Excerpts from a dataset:
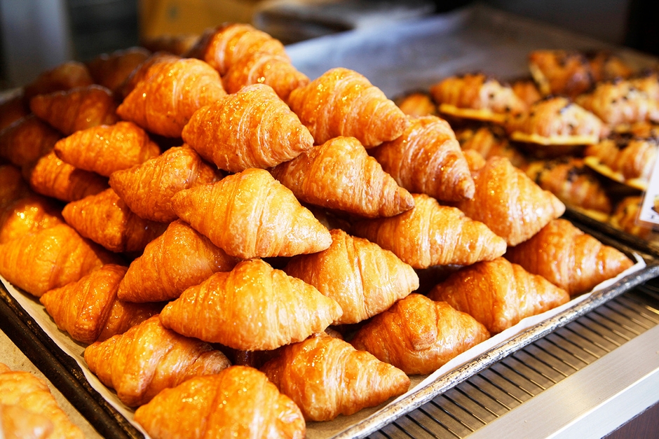 人気の秘密は、焼きたてのパンの「美味しさ」と「焼きたて」へのこだわり。生地は製粉メーカーと共同開発の北海道産100%のオリジナル小麦と発酵バターを使用し、外はサクサク、中はしっとりの食感とバターの風味が特徴。お店ではオーブンから次々に焼き上がるクロワッサンにオリジナルシロップを塗り、仕上げる様子を目の前で体験いただける「焼きたて実演ショップ」です。店内は常に焼きたてパンの香りでいっぱいです。
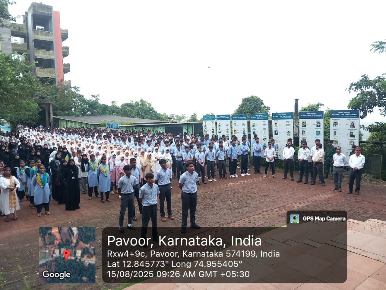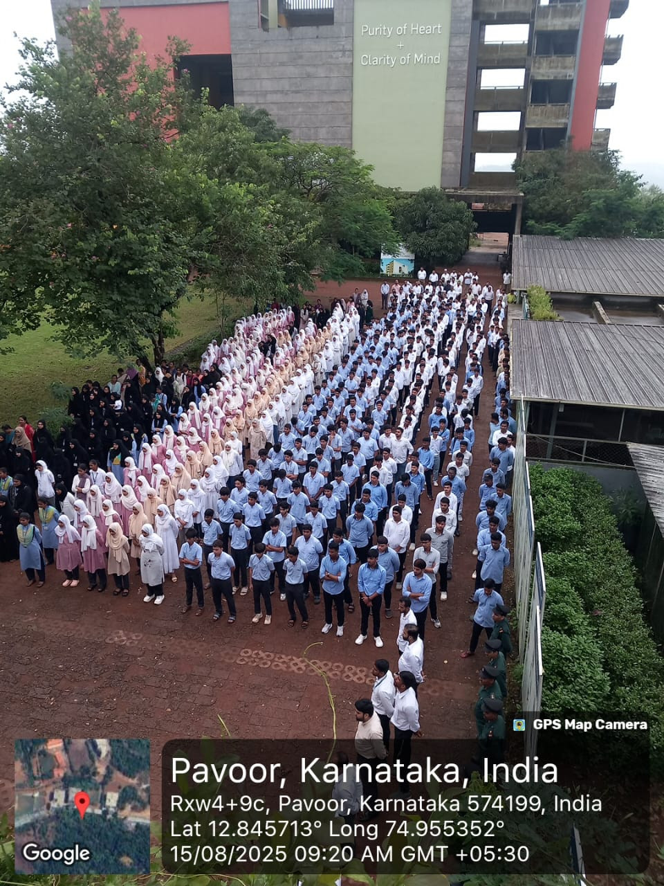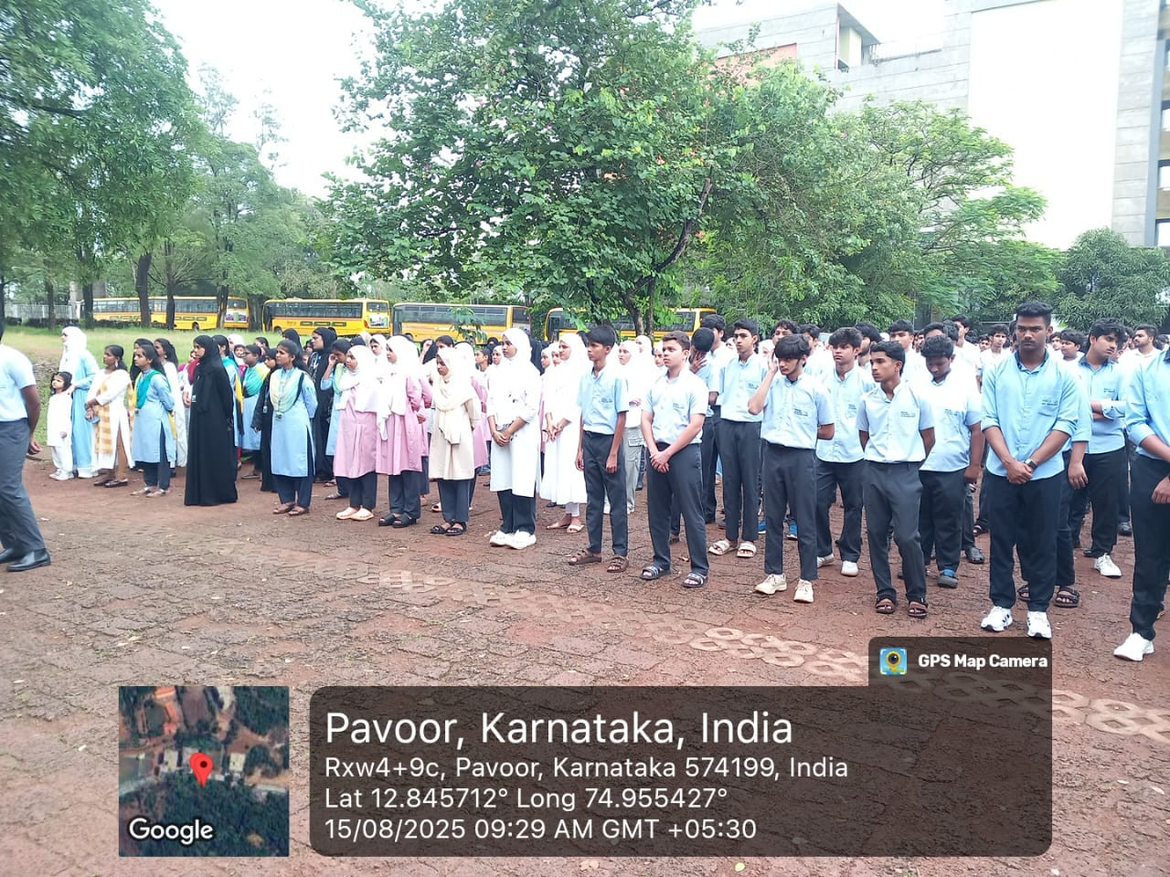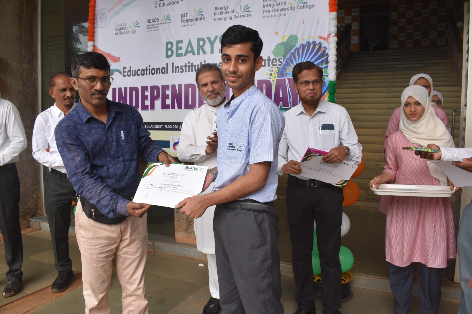 Mangaluru: The Bearys Group of Institutions, Mangalore, celebrated the 79th Independence Day with patriotic fervor and enthusiasm at the Bearys Knowledge Campus, Innoli. The event began at 9:00 AM, with Summaya Nasir from 7th Semester AI & DS delivering the warm welcome address, while Mohammad Hashim efficiently compered the program.
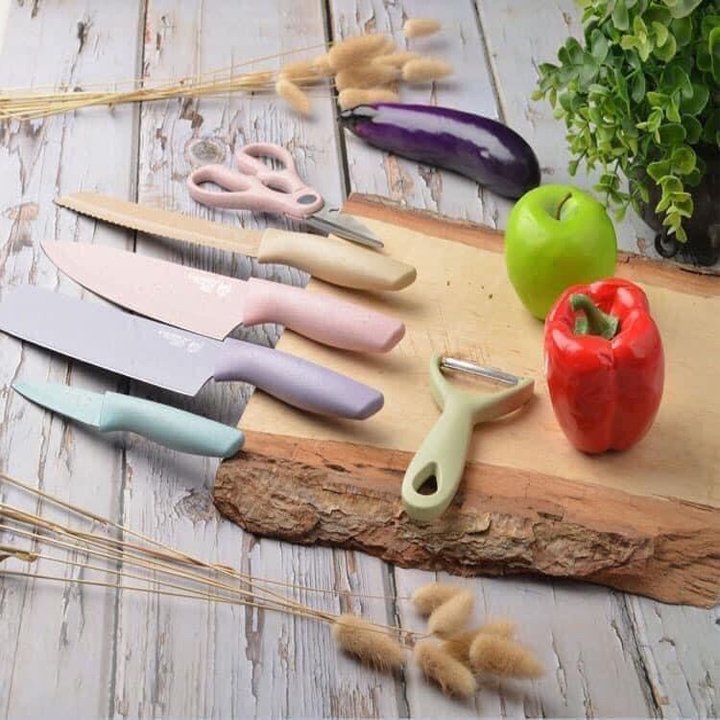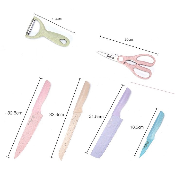 Bộ dao gồm 6 món gồm có: 01 dao bào, 01 kéo, 01 dao gọt hoa quả, 01 dao thái răng cưa, 01 dao thái nhỏ, 01 dao thái to.
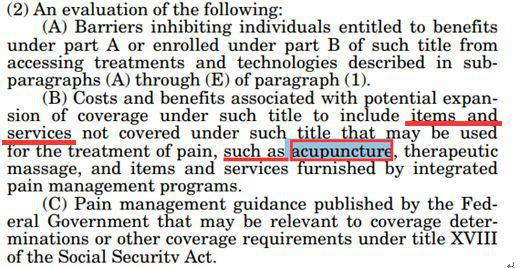 那么在这一大前提下,法案进一步提出了要[评估]针灸和保健按摩等一系列潜在可代替鸦片类药物的止痛服务。
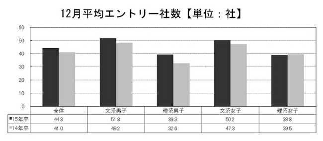 12月1日の採用広報活動解禁とともに、2015年卒の就職活動がスタートした。景気が回復傾向にある中、就職環境の好転により状況を楽観した学生の活動量低下が懸念されていたが、12月の平均エントリー数は全体で前年同月比3.3社増の44.3社となり、特に理系男子のエントリー数が前年同月比6.7社増の39.3社と大きく伸びた。人事担当者との接触も前年と比べて増加しており、企業側も前年以上に活発に採用活動を展開していることが推測される。就職環境好転の追い風に加えて、しっかりと準備を進めてきた学生が多いようで、内定を取る自信を強めている学生が増えた。先輩と比較して自分たちの環境が楽になると考える学生も前年よりも大幅に増えている。
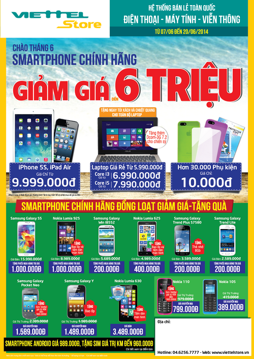 Quý khách hãy nhanh chân đến cửa hàng, siêu thị Viettel để mua ngay sản phẩm chính hãng và nhận được những ưu đãi hấp dẫn. Để biết thông tin chi tiết về chương trình, khách hàng vui lòng truy cập website http://viettelstore.vn/Home/Khuyen-mai/Khuyen-mai-chung/ hoặc vui lòng liên hệ số 046.256.7777 hoặc đến siêu thị, cửa hàng Viettel gần nhất.
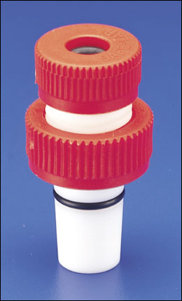 SAFE-LAB, TUBING ADAPTER, PP/TEFLON, 24/40^ Teflon body with Viton O-ring. Polypropylene screw cap on top with inside O-ring for depth adjustment of glass tubing. Bottom inner joint has a SAF-T-LINE threaded extracting nut for easy removal of adapter. Not autoclavable.
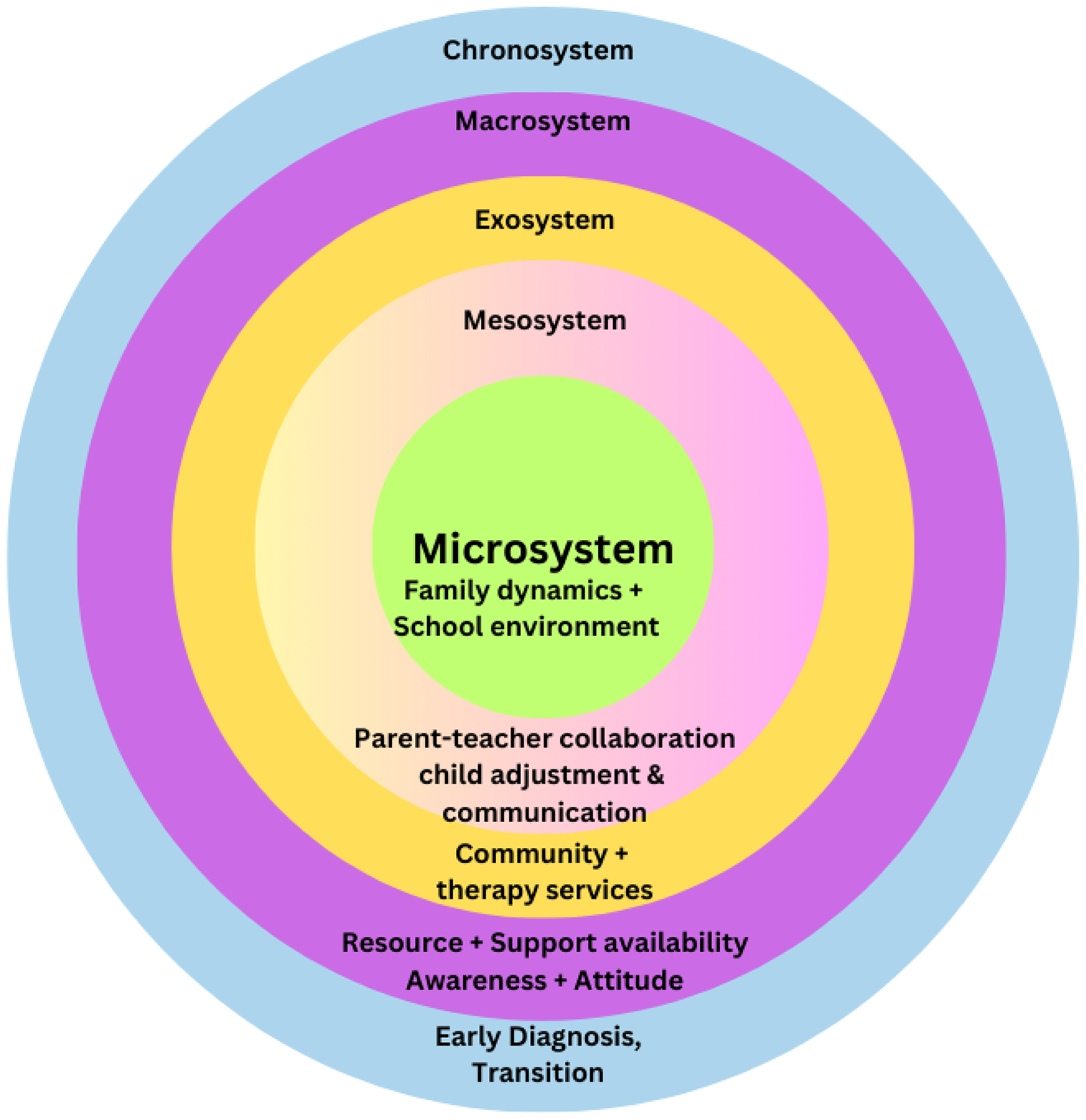 A systems model illustrating the interconnected layer of influence on a dyspraxic individual. note: Microsystem (immediate environment: family dynamics and school environment); mesosystem (parent-teacher interaction ,child adjustment, and communication); exosystem (external settings that indirectly affect the individual, such as community and occupational therapy access); macrosystem (cultural values, beliefs, resources, support availability, awareness, and attitudes); chronosystem(time and historical context; early diagnosis and transitions between educational and occupational systems). Source: Each layer impacts the Dyspraxic person's experience, adapted from Bronfenbrenner's (1986) ecological systems model. Alt-text: An infographic showing five concentric circles, illustrating ecological systems theory. The outermost circle, colored maroon, represents the Chronosystem, focusing on early diagnosis and transition. Inside that, the magenta circle is the Macrosystem, covering resource support, availability, awareness, and attitude. The yellow circle, third from the center, is the Exosystem, detailing community and therapy services. Next, the light pink circle is the Mesosystem, highlighting parent-teacher collaboration, child adjustment, and communication. At the very center, the lime green circle signifies the Microsystem, representing family dynamics and the school environment.
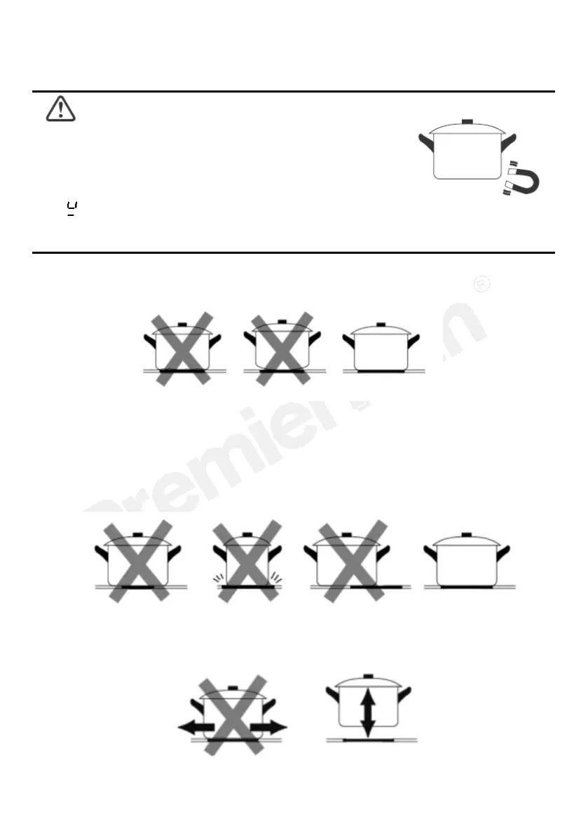 • Cookware made from the following materials is not suitable: pure stainless steel, aluminium or

• _EXERCISE GOAL_: Please leave out the pictures as you reproduce the lines exactly, from the first line of the entries through the line containing "Quý khách hãy".

• _RESULT BELOW_:
 人気の秘密は、焼きたてのパンの「美味しさ」と「焼きたて」へのこだわり。生地は製粉メーカーと共同開発の北海道産100%のオリジナル小麦と発酵バターを使用し、外はサクサク、中はしっとりの食感とバターの風味が特徴。お店ではオーブンから次々に焼き上がるクロワッサンにオリジナルシロップを塗り、仕上げる様子を目の前で体験いただける「焼きたて実演ショップ」です。店内は常に焼きたてパンの香りでいっぱいです。
 Mangaluru: The Bearys Group of Institutions, Mangalore, celebrated the 79th Independence Day with patriotic fervor and enthusiasm at the Bearys Knowledge Campus, Innoli. The event began at 9:00 AM, with Summaya Nasir from 7th Semester AI & DS delivering the warm welcome address, while Mohammad Hashim efficiently compered the program.
 Bộ dao gồm 6 món gồm có: 01 dao bào, 01 kéo, 01 dao gọt hoa quả, 01 dao thái răng cưa, 01 dao thái nhỏ, 01 dao thái to.
 那么在这一大前提下,法案进一步提出了要[评估]针灸和保健按摩等一系列潜在可代替鸦片类药物的止痛服务。
 12月1日の採用広報活動解禁とともに、2015年卒の就職活動がスタートした。景気が回復傾向にある中、就職環境の好転により状況を楽観した学生の活動量低下が懸念されていたが、12月の平均エントリー数は全体で前年同月比3.3社増の44.3社となり、特に理系男子のエントリー数が前年同月比6.7社増の39.3社と大きく伸びた。人事担当者との接触も前年と比べて増加しており、企業側も前年以上に活発に採用活動を展開していることが推測される。就職環境好転の追い風に加えて、しっかりと準備を進めてきた学生が多いようで、内定を取る自信を強めている学生が増えた。先輩と比較して自分たちの環境が楽になると考える学生も前年よりも大幅に増えている。
 Quý khách hãy nhanh chân đến cửa hàng, siêu thị Viettel để mua ngay sản phẩm chính hãng và nhận được những ưu đãi hấp dẫn. Để biết thông tin chi tiết về chương trình, khách hàng vui lòng truy cập website http://viettelstore.vn/Home/Khuyen-mai/Khuyen-mai-chung/ hoặc vui lòng liên hệ số 046.256.7777 hoặc đến siêu thị, cửa hàng Viettel gần nhất.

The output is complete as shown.